The following winter, Smith led a party to explore Wyoming, where a friendly
Crow tribe told them about a pass suitable for wagons through the Rocky
Mountains. He made maps of what came to be known as South Pass, the gap the
Oregon, California, and Mormon Trail all passed through. Thanks to his
descriptions and maps, later settlers easily found the pass.
The next spring, Smith became part owner of the fur trapping organization that
had hired him as a scout and trapper. He did not stay in any towns or forts to
run the business. Instead, he took a group west and found an overland route west
to California, which was part of Mexico. The Mexican government did not want U.
S. citizens entering their land that way, so they ordered Smith to leave, which
he did. Instead of going back the way he had come, he went north, exploring more
and more. Wherever he went, he made maps and wrote detailed descriptions of his
findings in his journals.
Smith spent the next few years all over the west. In 1830, he returned to St.

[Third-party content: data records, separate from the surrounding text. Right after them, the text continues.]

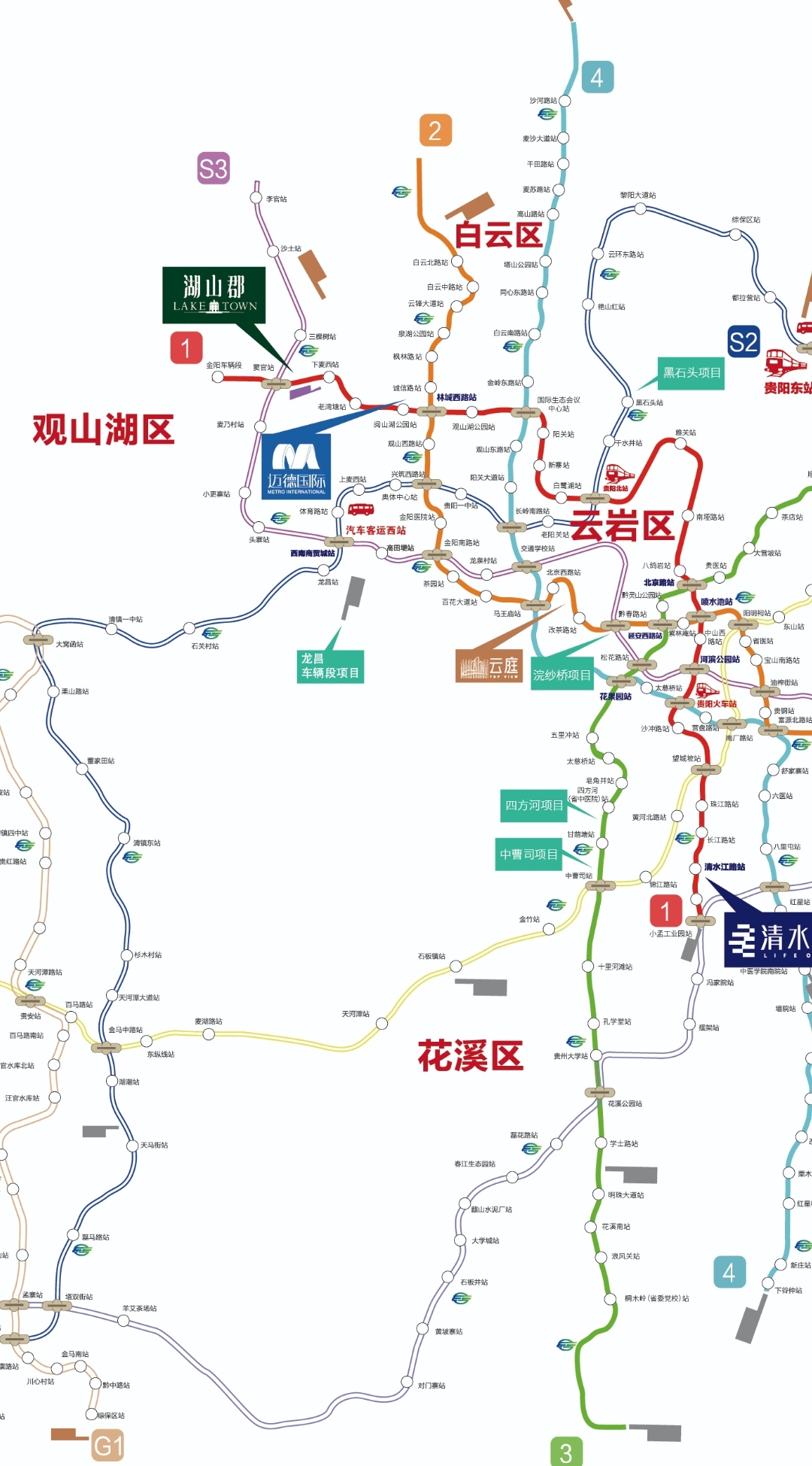 而地铁S2号线,虽然是一条郊区线路,但是,它经过的区域,却都并不“郊区”,从贵安新区的马场,磊庄等板块,穿过贵安新区核心片,和S1在大数据科创城板块的金马中路相交换乘,然后延清镇东侧板块一直北上,经过清镇东站、董家田、栗山路等,再横向朝观山湖方向驶去,经过清镇一中,石关村、龙昌等站点,进入观山湖的西南商贸城。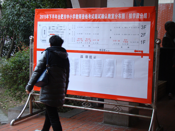 合肥市2015年下半年教师资格证面试现场确认工作在世界外国语学校举行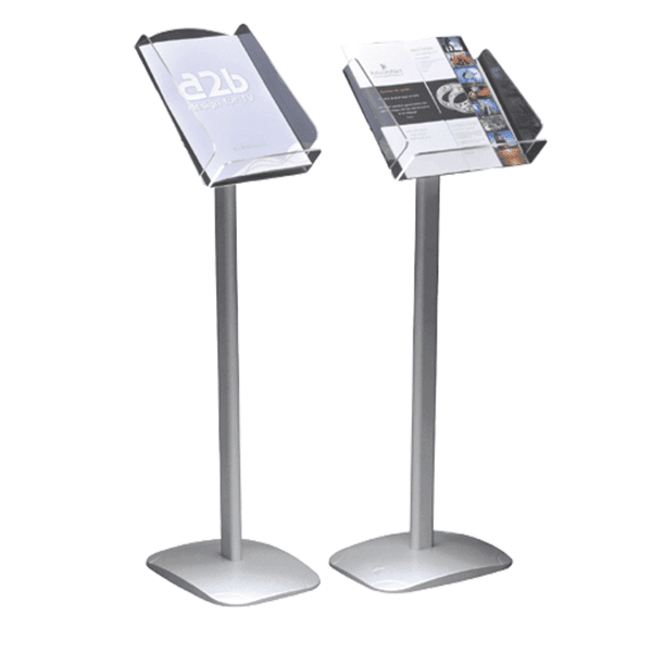 Stilfullt broschyrställ i aluminium med tung fot och broschyrfack av stark polycarbonat. Finns både med stående och liggande broschyrfack. Hög kvalitet i stilren design. Säljes som stående resp. liggande A3 samt A4.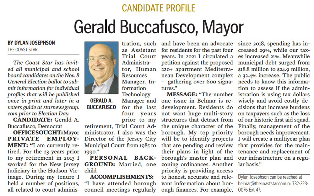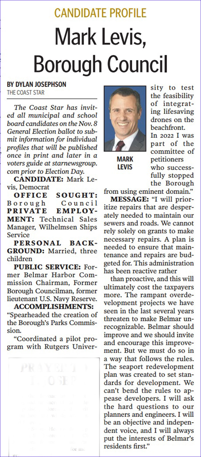 2. I am pulling for this crew. We need a change in Belmar leadership. Unfortunately this admin has made some questionable choices.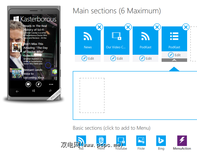 Windows Phone App Studio工具基于网络,可让您使用RSS之类的资产来创建应用供稿和YouTube频道。完成后,您可以将其安装在手机上。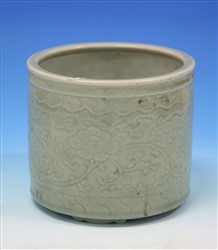 清豆青釉暗花瓷香炉

Louis and sold his share of the fur trapping business. His younger brothers,
Peter and Austin Smith, joined him there, and they set out on the Santa Fe Trail
with a wagon train of trade goods. The train left in April 1831, an unusually
dry year. They encountered drought conditions and began losing animals and men
in the desert when their water ran out. After three days with no water, he and
several others rode off to find it, each going a different direction. None of
them ever saw Smith again.
It wasn’t until his brothers found his pistols and rifle up for sale in Santa Fe
that they learned what had happened to him. Unfriendly Comanche warriors had
surrounded him and killed him in battle. They never recovered his body.
Although he did not live to see his journals and maps published, they proved
invaluable for later explorers. Many official maps simply copied him for large
sections of the West. His records fueled the emerging interest in settling
Oregon, and his maps helped make such a journey possible. Though the time he
spent in the West was short, it made an immeasurable difference.